START Material supplied

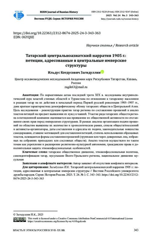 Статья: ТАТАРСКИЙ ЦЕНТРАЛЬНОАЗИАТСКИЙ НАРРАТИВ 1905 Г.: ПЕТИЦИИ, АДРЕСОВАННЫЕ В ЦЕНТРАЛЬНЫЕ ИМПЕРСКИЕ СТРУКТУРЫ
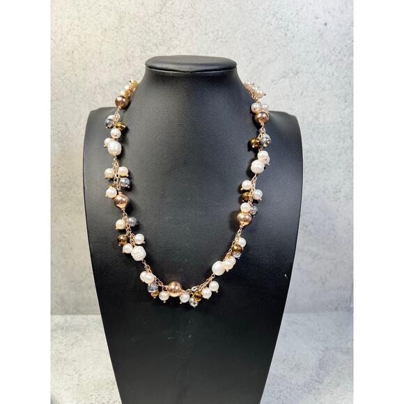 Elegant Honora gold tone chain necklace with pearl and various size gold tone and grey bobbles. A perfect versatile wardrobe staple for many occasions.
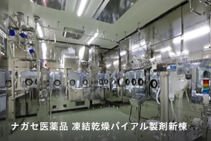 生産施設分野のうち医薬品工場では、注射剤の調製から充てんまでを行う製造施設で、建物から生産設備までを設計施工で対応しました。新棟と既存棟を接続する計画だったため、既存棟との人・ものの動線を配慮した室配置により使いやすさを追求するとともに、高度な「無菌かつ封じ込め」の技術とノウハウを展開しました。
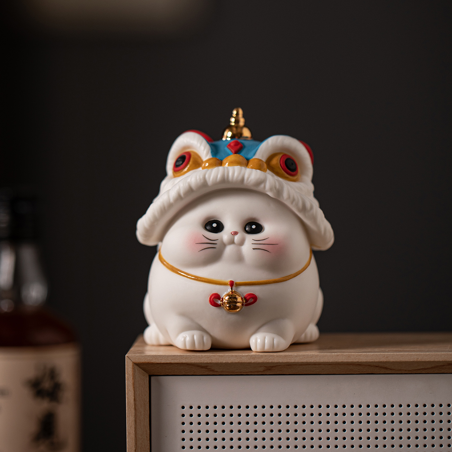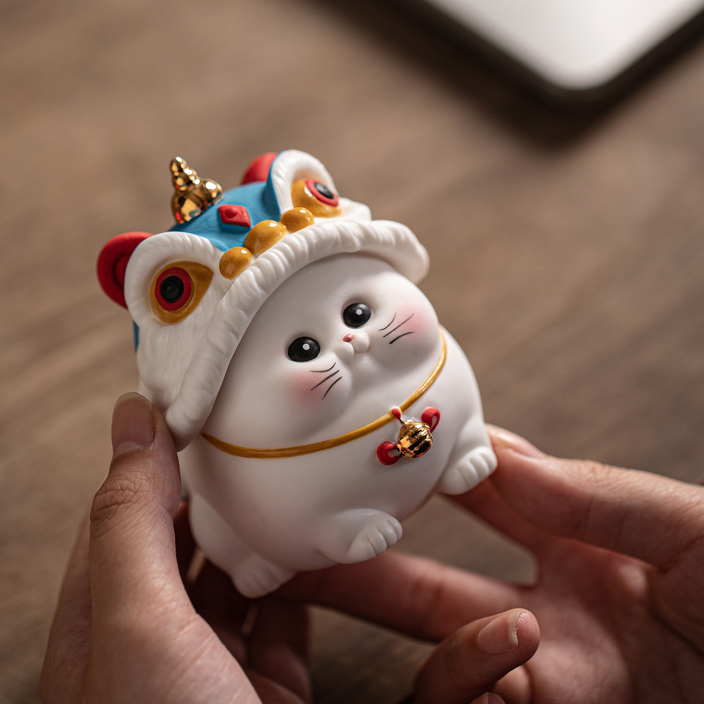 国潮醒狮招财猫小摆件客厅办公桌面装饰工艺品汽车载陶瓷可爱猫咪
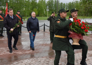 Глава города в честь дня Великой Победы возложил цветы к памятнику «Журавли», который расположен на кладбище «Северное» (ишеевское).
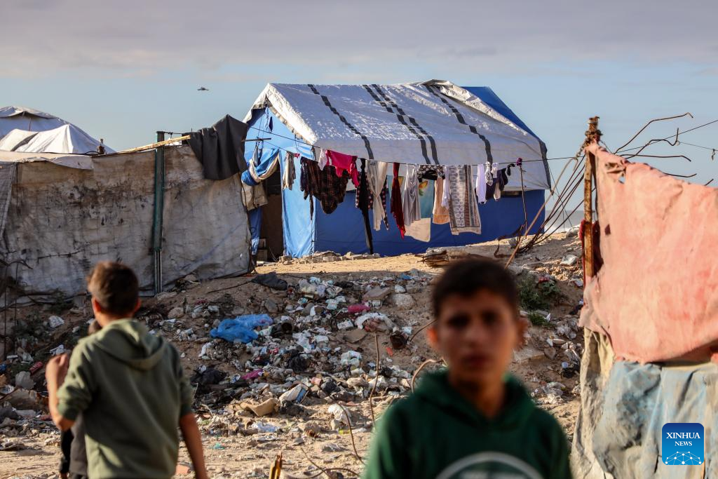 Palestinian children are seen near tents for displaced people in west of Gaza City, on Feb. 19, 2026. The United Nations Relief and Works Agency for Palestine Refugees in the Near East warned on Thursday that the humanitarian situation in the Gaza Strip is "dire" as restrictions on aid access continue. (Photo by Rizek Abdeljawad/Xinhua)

END Material supplied

Leaving every picture behind, retype the entries above exactly, from the first line through the line with "Глава города в", and stop there.

*Task response*
 Статья: ТАТАРСКИЙ ЦЕНТРАЛЬНОАЗИАТСКИЙ НАРРАТИВ 1905 Г.: ПЕТИЦИИ, АДРЕСОВАННЫЕ В ЦЕНТРАЛЬНЫЕ ИМПЕРСКИЕ СТРУКТУРЫ
 Elegant Honora gold tone chain necklace with pearl and various size gold tone and grey bobbles. A perfect versatile wardrobe staple for many occasions.
 生産施設分野のうち医薬品工場では、注射剤の調製から充てんまでを行う製造施設で、建物から生産設備までを設計施工で対応しました。新棟と既存棟を接続する計画だったため、既存棟との人・ものの動線を配慮した室配置により使いやすさを追求するとともに、高度な「無菌かつ封じ込め」の技術とノウハウを展開しました。
 国潮醒狮招财猫小摆件客厅办公桌面装饰工艺品汽车载陶瓷可爱猫咪
 Глава города в честь дня Великой Победы возложил цветы к памятнику «Журавли», который расположен на кладбище «Северное» (ишеевское).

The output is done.